### Exercise details
Give back, exactly as written, the lines of the listing from the top through the line holding "高点摄像机总览全局掌握厂区的", and nothing more. Exclude pictures.

### Given data
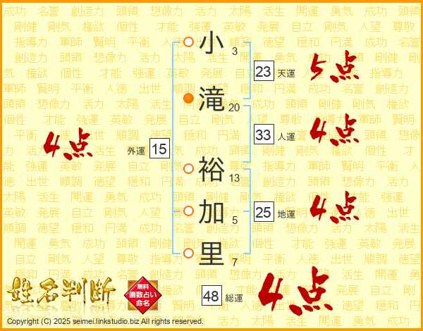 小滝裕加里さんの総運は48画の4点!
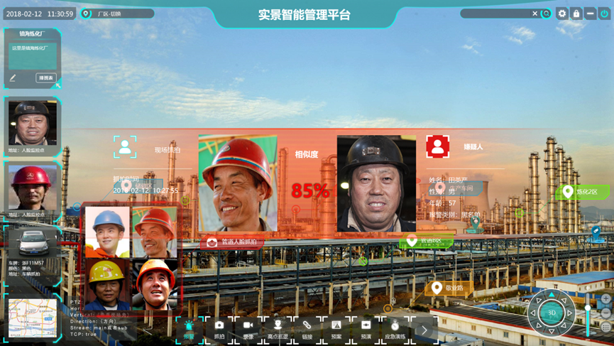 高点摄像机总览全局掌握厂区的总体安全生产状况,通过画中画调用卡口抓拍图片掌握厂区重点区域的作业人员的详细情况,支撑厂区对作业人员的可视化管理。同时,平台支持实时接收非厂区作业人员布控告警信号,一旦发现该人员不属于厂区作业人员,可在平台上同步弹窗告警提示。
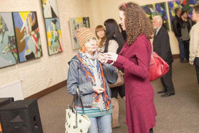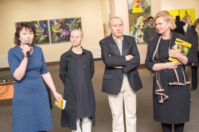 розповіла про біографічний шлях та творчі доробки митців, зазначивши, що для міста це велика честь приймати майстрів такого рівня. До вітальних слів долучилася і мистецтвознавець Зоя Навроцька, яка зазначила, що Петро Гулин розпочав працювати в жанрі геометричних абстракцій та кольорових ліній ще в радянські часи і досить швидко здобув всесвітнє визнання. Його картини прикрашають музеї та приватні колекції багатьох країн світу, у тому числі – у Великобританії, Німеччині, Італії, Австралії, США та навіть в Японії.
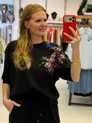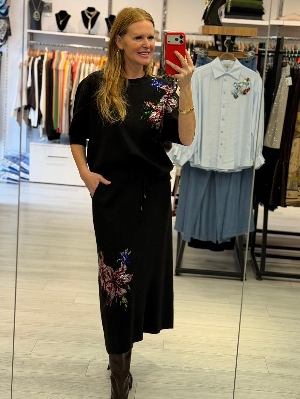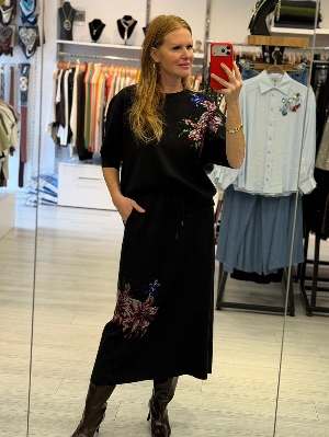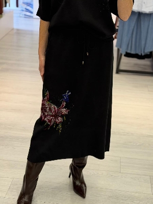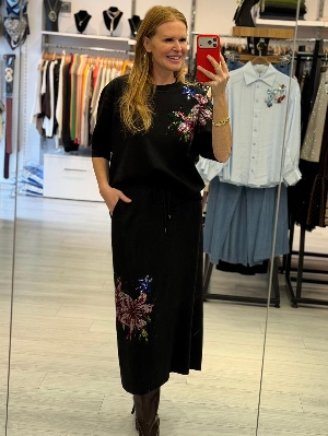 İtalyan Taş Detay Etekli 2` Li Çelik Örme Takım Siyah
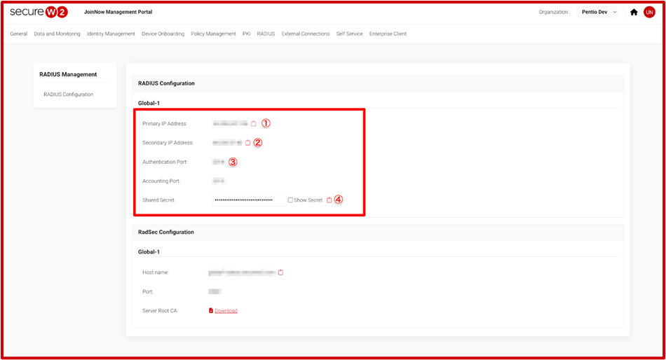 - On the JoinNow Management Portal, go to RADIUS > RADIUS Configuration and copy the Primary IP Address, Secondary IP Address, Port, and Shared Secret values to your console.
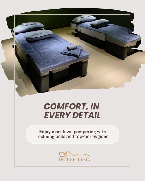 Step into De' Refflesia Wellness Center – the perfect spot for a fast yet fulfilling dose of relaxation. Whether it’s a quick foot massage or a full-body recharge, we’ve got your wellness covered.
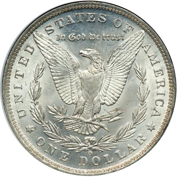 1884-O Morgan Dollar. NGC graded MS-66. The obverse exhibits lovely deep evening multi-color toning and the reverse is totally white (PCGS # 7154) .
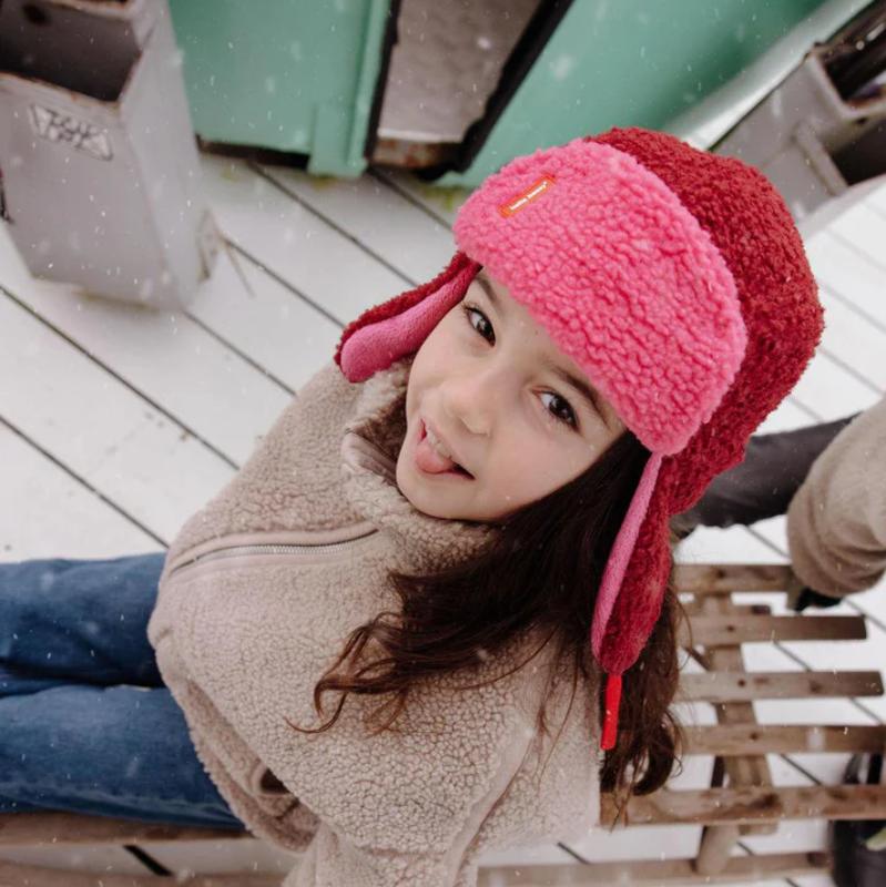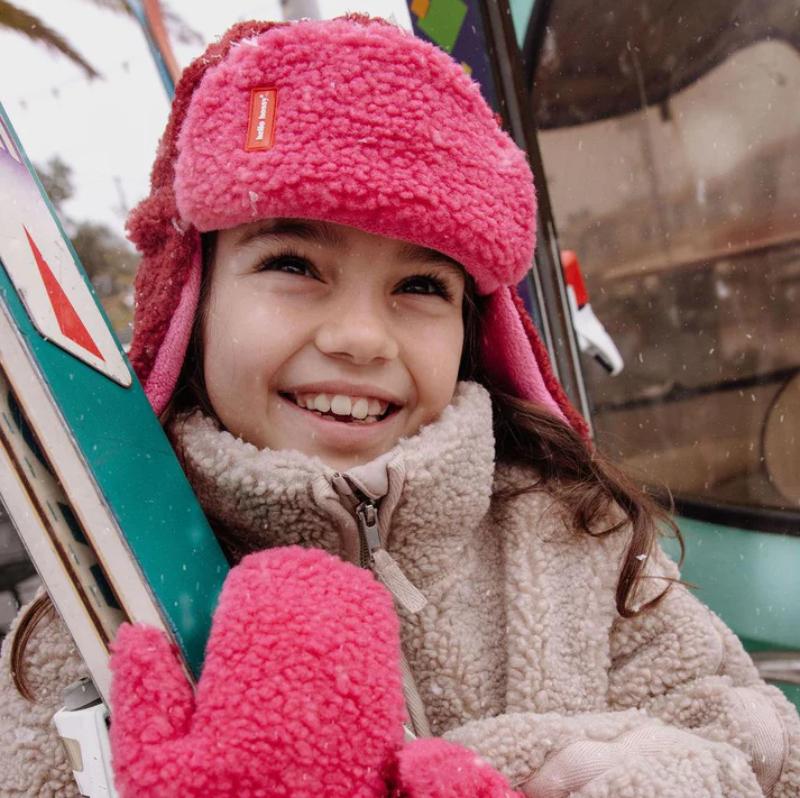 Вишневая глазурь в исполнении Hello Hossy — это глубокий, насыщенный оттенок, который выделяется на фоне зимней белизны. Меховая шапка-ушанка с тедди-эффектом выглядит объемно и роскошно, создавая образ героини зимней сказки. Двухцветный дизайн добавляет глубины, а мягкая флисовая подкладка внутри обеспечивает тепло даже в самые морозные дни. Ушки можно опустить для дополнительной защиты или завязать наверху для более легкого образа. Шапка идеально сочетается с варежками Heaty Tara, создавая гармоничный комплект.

### Final answer
 小滝裕加里さんの総運は48画の4点!
 高点摄像机总览全局掌握厂区的总体安全生产状况,通过画中画调用卡口抓拍图片掌握厂区重点区域的作业人员的详细情况,支撑厂区对作业人员的可视化管理。同时,平台支持实时接收非厂区作业人员布控告警信号,一旦发现该人员不属于厂区作业人员,可在平台上同步弹窗告警提示。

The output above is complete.